Discussion:
API change suggestions for metrics module
(too old to reply)
Mathieu Blondel
2010-10-12 04:54:51 UTC
Permalink
Hello,

In the metrics module, the function precision_recall(y, probas_)
currently outputs the precision/recall pairs for different probability
thresholds. This is only one possible criterion for plotting the
precision/recall curve so I suggest renaming it to
precision_recall_curve(y, probas_) and add the function
precision_recall(y_true, y_pred). This will be a useful utility for
plotting the precision/recall curve against other criteria (e.g., the
value of a hyperparameter). See below for the patch of what I'm
proposing. In addition, the code works in the multi-label setting too.
See below for a test that shows what I mean.

A similar change can be done for the ROC curve function.

Also, I noticed an inconsistency in the code: some metrics use
function(y_true, y_pred) while others use function(y_pred, y_true).
Some metrics aren't symmetric so it it would be nice to make this
consistent.

The changes I propose will break existing programs but I think it's
better to do it sooner than later. If that's OK, I will make the
necessary modifications and commit.

Mathieu

PATCH:

diff --git a/scikits/learn/metrics.py b/scikits/learn/metrics.py
index 393b411..f1c389a 100644
--- a/scikits/learn/metrics.py
+++ b/scikits/learn/metrics.py
@@ -115,7 +115,15 @@ def auc(x, y):
return area


-def precision_recall(y, probas_):
+def precision_recall(y_true, y_pred):
+ true_pos = np.sum(y_true[y_pred == 1]==1)
+ false_pos = np.sum(y_true[y_pred == 1]==0)
+ false_neg = np.sum(y_true[y_pred == 0]==1)
+ precision = true_pos / float(true_pos + false_pos)
+ recall = true_pos / float(true_pos + false_neg)
+ return precision, recall
+
+def precision_recall_curve(y, probas_):
"""compute Precision-Recall

Parameters
@@ -149,11 +157,9 @@ def precision_recall(y, probas_):
precision = np.empty(n_thresholds)
recall = np.empty(n_thresholds)
for i, t in enumerate(thresholds):
- true_pos = np.sum(y[probas_>=t]==1)
- false_pos = np.sum(y[probas_>=t]==0)
- false_neg = np.sum(y[probas_<t]==1)
- precision[i] = true_pos / float(true_pos + false_pos)
- recall[i] = true_pos / float(true_pos + false_neg)
+ y_pred = np.ones(len(y))
+ y_pred[probas_ < t] = 0
+ precision[i], recall[i] = precision_recall(y, y_pred)

TEST:

def test_precision_recall_multilabel():
Y_true = np.array([[1, 0, 1, 0],
[1, 0, 0, 0],
[0, 0, 0, 0],
[0, 1, 0, 0],
[0, 1, 1, 1]])

Y_pred = np.array([[1, 1, 1, 0],
[1, 0, 0, 0],
[0, 1, 0, 0],
[0, 1, 0, 0],
[0, 0, 1, 1]])

n_pred = 8.0
n_corr_pred = 6.0
n_labeled = 7.0
precision = n_corr_pred / n_pred
recall = n_corr_pred / n_labeled

assert_equal((precision, recall),
precision_recall(Y_true, Y_pred))
Olivier Grisel
2010-10-12 07:25:57 UTC
Permalink
+1
Alexandre Gramfort
2010-10-12 19:32:13 UTC
Permalink
+1 for:
precision_recall -> precision_recall_curve
roc -> roc_curve

make sure also to patch the examples.

However I would use two functions for precision and recall as they
are 2 different metrics.

See:
http://www.csie.ntu.edu.tw/~cjlin/libsvmtools/eval/index.html

It would be great to have examples of cross_val_score based on such
metrics and also have GridSearchCV be able to work with these metrics.

Alex

On Tue, Oct 12, 2010 at 9:26 AM, Olivier Grisel
+1
------------------------------------------------------------------------------
Beautiful is writing same markup.

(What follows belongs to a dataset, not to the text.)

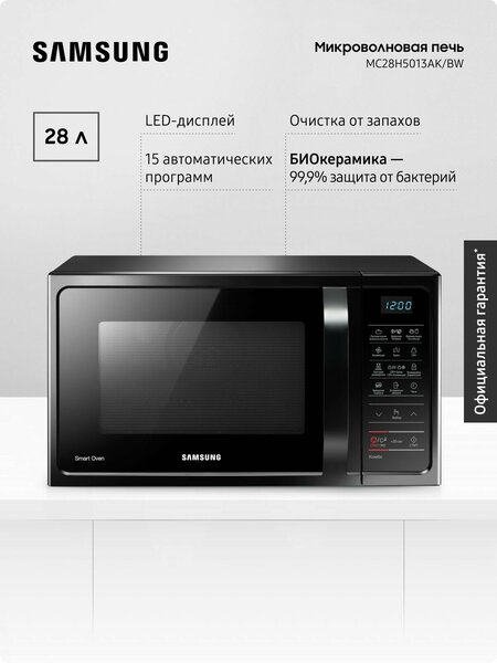 Отдельностоящая микроволновая печь Samsung MC28H5013AK/BW — станет верным помощником в приготовлении любимых блюд! Микроволновка в черном цвете сочетает в себе стильный дизайн и современные технологии. Объем печки в 28 литров позволяет разогревать и готовить еду для всей семьи или небольшой компании. Система регулировки поворотного поддона дает возможность максимально использовать пространство камеры и запекать блюда в больших противнях. Функция Smart Oven предлагает простой способ создания вкусной и здоровой пищи с 15 авторскими рецептами полезного питания. Конвекция помогает пропекать продукты, поэтому вы можете побаловать себя сочными и аппетитными угощениями, таких как капуста брокколи, бурый рис, куриная грудка или филе форели. Готовьте с легкостью тесто или йогурт с помощью новейшей технологии ферментации, для этого достаточно лишь установить нужную температуру. Специальные автоматические программы традиционных рецептов позволяют каждому почувствовать себя шеф-поваром. Плоские кнопки на передней панели и LED-дисплей облегчают управление СВЧ с часами, делая процесс еще более комфортным и интуитивно понятным. БИОкерамическое покрытие имеет гладкую поверхность и легко очищается без применения химических средств. Оно гарантирует стерильность камеры, уничтожая до 99,9% бактерий, не подвержено коррозии, не царапается и служит долго даже при интенсивной эксплуатации. Прибор Самсунг с опцией деодоризации удаляет неприятные запахи, оставляя чистоту и свежесть внутри устройства. Функция ECO Mode значительно сокращает потребление энергии в режиме ожидания, делая использование кухонной бытовой техники не только удобным, но и экономичным. С микроволновкой Samsung готовить легко и приятно!

Internet Explorer 9 supports
standards for HTML5, CSS3, SVG 1.1,  ECMAScript5, and DOM L2 & L3.
Spend less time writing and  rewriting code and more time creating great
experiences on the web. Be a part of the beta today.
http://p.sf.net/sfu/beautyoftheweb
_______________________________________________
Scikit-learn-general mailing list
https://lists.sourceforge.net/lists/listinfo/scikit-learn-general
Olivier Grisel
2010-10-12 19:35:35 UTC
Permalink
And a third one for the f1-score which is the geometric average of both.
Post by Alexandre Gramfort
precision_recall -> precision_recall_curve
roc -> roc_curve
make sure also to patch the examples.
However I would use two functions for precision and recall as they
are 2 different metrics.
http://www.csie.ntu.edu.tw/~cjlin/libsvmtools/eval/index.html
It would be great to have examples of cross_val_score based on such
metrics and also have GridSearchCV be able to work with these metrics.
Alex
On Tue, Oct 12, 2010 at 9:26 AM, Olivier Grisel
+1
------------------------------------------------------------------------------
Post by Alexandre Gramfort
Beautiful is writing same markup. Internet Explorer 9 supports
standards for HTML5, CSS3, SVG 1.1, ECMAScript5, and DOM L2 & L3.
Spend less time writing and rewriting code and more time creating great
experiences on the web. Be a part of the beta today.
http://p.sf.net/sfu/beautyoftheweb
_______________________________________________
Scikit-learn-general mailing list
https://lists.sourceforge.net/lists/listinfo/scikit-learn-general
------------------------------------------------------------------------------
Post by Alexandre Gramfort
Beautiful is writing same markup. Internet Explorer 9 supports
standards for HTML5, CSS3, SVG 1.1, ECMAScript5, and DOM L2 & L3.
Spend less time writing and rewriting code and more time creating great
experiences on the web. Be a part of the beta today.
http://p.sf.net/sfu/beautyoftheweb
_______________________________________________
Scikit-learn-general mailing list
https://lists.sourceforge.net/lists/listinfo/scikit-learn-general
Mathieu Blondel
2010-10-13 04:40:04 UTC
Permalink
On Wed, Oct 13, 2010 at 4:32 AM, Alexandre Gramfort
Post by Alexandre Gramfort
precision_recall -> precision_recall_curve
roc -> roc_curve
make sure also to patch the examples.
I've made the modifications. I also fixed the consistency problem
regarding the order of the parameters because it does seem to be
meaningful in some cases. For example, when I call precision(y_pred,
y_true) instead of precision(y_true, y_pred), it returns the recall,
and vice-versa. I added a unit test regarding this symmetry problem.
Post by Alexandre Gramfort
However I would use two functions for precision and recall as they
are 2 different metrics.
I did that but precision and recall alone are not good metrics so as
Olivier suggested, I also added a f1 score metric.
Post by Alexandre Gramfort
It would be great to have examples of cross_val_score based on such
metrics and also have GridSearchCV be able to work with these metrics.
I find it annoying that I cannot use a score function directly. E.g.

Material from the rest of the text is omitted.